只听“轰隆”一声巨响,数支裹着燃油的火箭射来,瞬间引燃马车帷幔,车身木质结构轰然炸裂,碎片四散飞溅。

安平眼疾手快,纵身跃入车内,一手牢牢护住萧烬尘的肩头,一手挥刀砍断身前燃烧的帷幔,沉声道:“主子,属下带您离开!”

话音落,他半扶半架着萧烬尘,身形矫健地从破口处跃出,落地时稳稳将萧烬尘护在身后。

持刀而立,刀刃横挡,将射来的箭矢尽数磕飞,火星四溅。

萧烬尘立在安平身后,面色沉冷如冰,目光冷冽扫过两侧不断涌出黑衣人,沉声道:“尽数剿灭,不留活口。”

他身边随行的影卫暗卫本就是百里挑一的精锐,瞬间便布开防御阵型,将两人牢牢护在核心。

影一持刀在前开路,刀法刚猛霸道,每一刀挥出都带着破风之势,迎面冲来的黑衣人根本近不了身,顷刻间便被斩倒数人。

影二身形矫健,如鬼魅般穿梭在人群中,专找对手的空子下手,袖中短刀寒光乍现,招招直取咽喉。

影三虽平日里爱说笑,此刻却满脸肃杀,与安平、萧烬尘形成三角防御,他负责左侧外围,持刀截杀靠近的死士,与安平配合得天衣无缝。

影四素来沉稳,飞镖手法更是一绝,指尖飞镖接连射出,例无虚发,专打敌人穴位与要害,每一枚飞镖出手,便有一名黑衣人应声倒地,动作快得只剩残影。

影五收起了平日的嘴毒,手持长剑沉默厮杀,剑招凌厉果决,与影四形成左右夹击之势,将迂回包抄的死士一一截杀。

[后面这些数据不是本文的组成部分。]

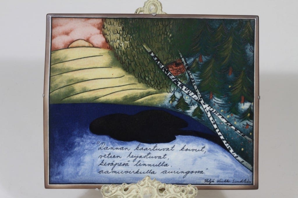 Arabia koristelaatta, Rannan koivut, suunnittelija Heljä Liukko-Sundström, Rannan koivut, suuri, serikuva, signeerattu kuva 2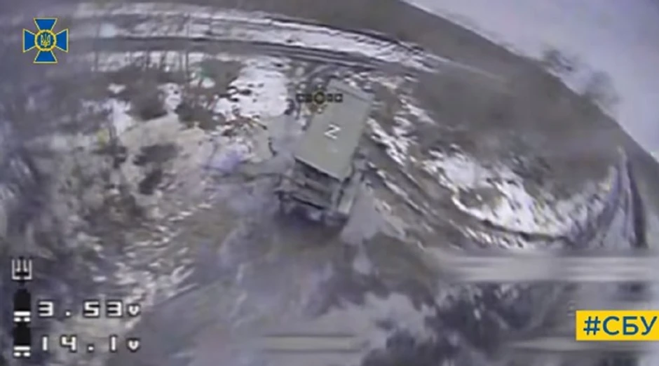 Ka njemu ide dron, koji u jednom trenutku blago skrene, a zatim se zaleti u vozilo na zemlji. To je, po svoj prilici, dron kamikaza. Snimak nije nezavisno verifikovan.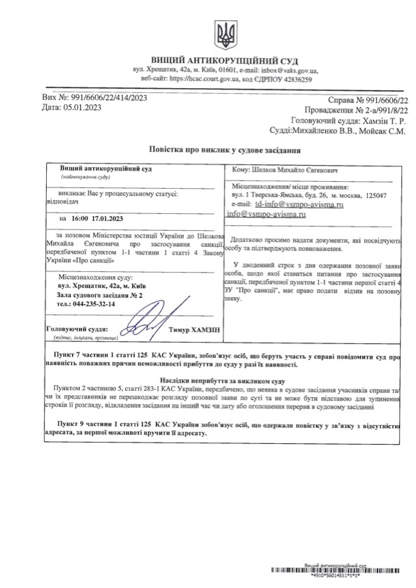 Стисло про позовні вимоги Мінʼюсту і суть справи ми писали в матеріалі Санкційні надра: ВАКС почав розгляд справи проти російського мільярдера Шелкова. Відтоді у Вищому антикорупційному суді відбулися 6 засідань: 26, 27 і 29 грудня 2022-го, а також 3, 4, і 5 січня.
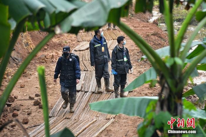 墜機(jī)事故現(xiàn)場(chǎng)下雨 工作人員鋪設(shè)竹排小道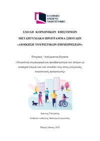 Περίληψη (Abstract): Η παρούσα εργασία πραγματεύεται τη διερεύνηση των προτύπων τουριστικής συμπεριφοράς των ΑμεΑ και των συνοδών τους και το βαθμό προσβασιμότητας στους ελληνικούς τουριστικούς προορισμούς. Ύστερα από μία θεωρητική προσέγγιση του θέματος με ανασκόπηση της υπάρχουσας επιστημονικής βιβλιογραφίας, παρατίθενται τα αποτελέσματα ποσοτικής έρευνας που διενεργήθηκε με τη χρήση ψηφιακού ερωτηματολογίου και απα...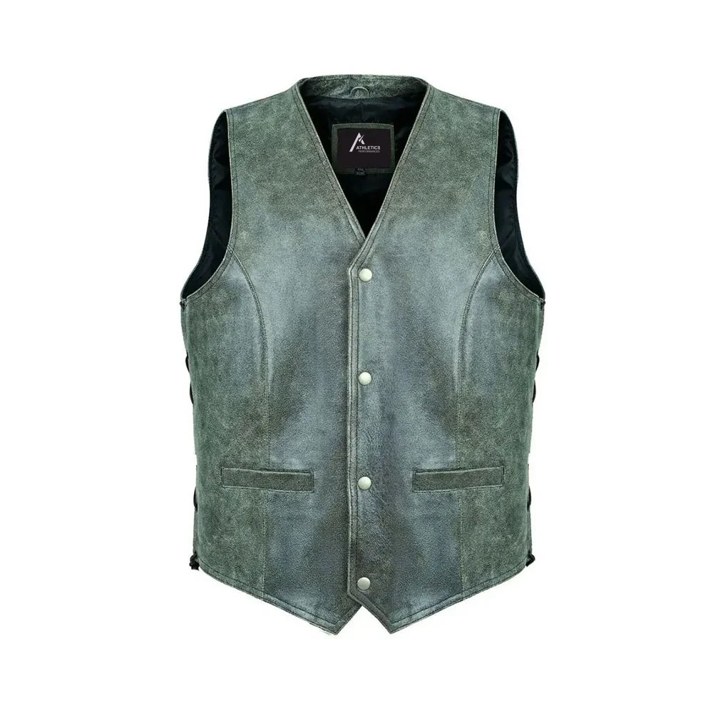 A leather vest is a sleeveless upper garment made from durable leather, such as cowhide or buffalo hide, known for its rugged and versatile style. It features a fitted design with front snap or zipper closures, often including pockets for practicality. The material offers natural insulation and abrasion resistance, making it popular for motorcycle gear or casual wear. Available in styles like biker or classic, it may have quilted detailing or lace-up sides for customization. Leather vests are prized for their timeless appeal and ability to age gracefully with use.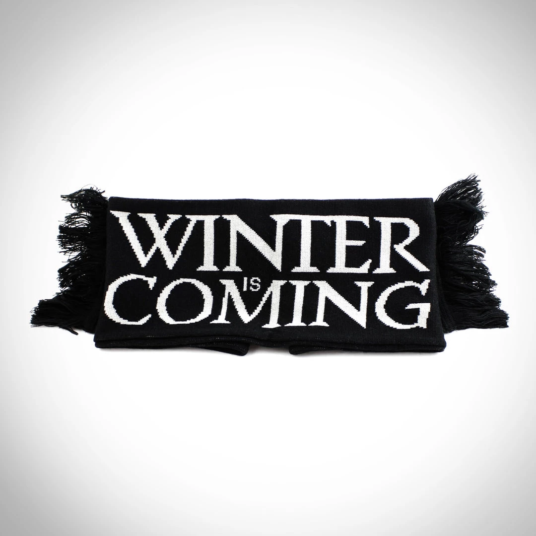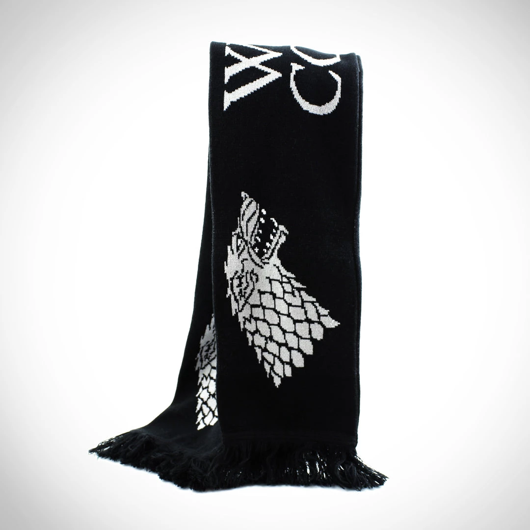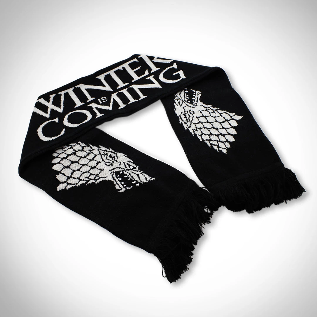 Impress everyone and stay warm while wearing this cool The Game of Thrones Stark Logo ‘Winter Is Coming’ Scarf! Inspired by TV’s The Game of Thrones, this Stark knitted scarf features the House of Stark words “Winter Is Coming” in Black with White, showing the dire wolf from the sigil of the House Stark.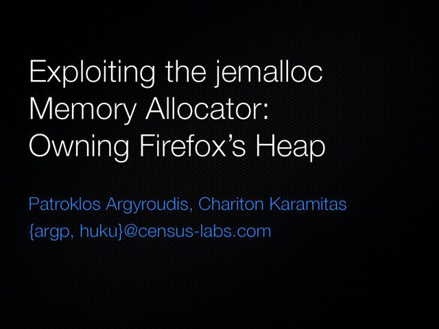 Census, Inc. (www.census-labs.com) Topics: kernel/heap exploitation, auditing Chariton Karamitas, huku Student at AUTh, intern at Census, Inc. Topics: compilers, heap exploitation, maths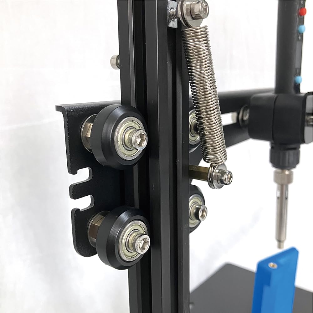 【مكواة لحام قابلة للتعديل】مكواة اللحام تتحرك بشكل مريح، يمكنك فقط ضبط البكرة. يمكن استخدام زنبرك التوتر المعدني بشكل متكرر دون تشوه، ومن الأسهل ضبط ارتفاع الإدخال عن طريق شد الصمولة يدويًا.

暗处的暗卫也纷纷现身,他们隐匿于树林与草丛间,或突袭、或牵制,与影卫形成合围之势。

黑衣人源源不断从山坡上冲下,人数是己方数倍,一个个都不要命似的,招招狠辣,明摆着想同归于尽,实力远超寻常刺客。

可萧烬尘带来的人手皆是精锐中的精锐,防守固若金汤,反击之势也愈发猛烈。

一时之间,山坳里兵刃碰撞声、嘶吼声、惨叫声交织在一起,血腥味弥漫在潮湿的风里,战况胶着惨烈。

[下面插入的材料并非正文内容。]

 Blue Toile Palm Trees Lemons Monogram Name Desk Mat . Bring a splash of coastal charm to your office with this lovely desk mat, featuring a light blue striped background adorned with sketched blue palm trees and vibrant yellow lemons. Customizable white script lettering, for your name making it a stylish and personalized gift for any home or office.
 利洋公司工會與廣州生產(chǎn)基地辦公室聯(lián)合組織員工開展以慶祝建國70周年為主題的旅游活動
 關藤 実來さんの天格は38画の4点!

安平始终寸步不离守在萧烬尘身前,身姿挺立,刀刃上沾着血珠,耳听八方眼观六路,每一次挥刀都精准无比,余光时刻留意着萧烬尘的安危,丝毫不敢懈怠。

他能清晰感觉到,这些黑衣人配合有序,招式刁钻,显然是经过专门训练的死士。

可即便对方人多势众,己方队伍也丝毫不落下风,照此局势,用不了多久便能将这批埋伏者彻底清剿。

然而就在厮杀进入白热化时,变故陡生。

原本正面猛攻萧烬尘防线的黑衣人,忽然齐齐变招,数十名死士佯装疯狂冲锋,引爆了提前埋在地上的烟弹。

浓烟瞬间弥漫开来,吸引了大半影卫暗卫的注意力,将他们死死牵制在前方,让众人无暇他顾。

与此同时,另一侧树林里突然窜出十余名蒙面高手,这些人身手比先前的死士更为强悍,气息阴冷,招式诡异。

竟不朝着萧烬尘下手,而是悄无声息地绕到浓烟边缘,直扑安平而来!

安平心头一震,刚察觉不对劲,数道凌厉的攻势便已逼至身前,刀光剑影裹挟着劲风,封死了他所有闪躲的退路。

他下意识挥刀抵挡,却不料这些人根本不是要取他性命,而是步步紧逼,将他往远离萧烬尘的方向逼退。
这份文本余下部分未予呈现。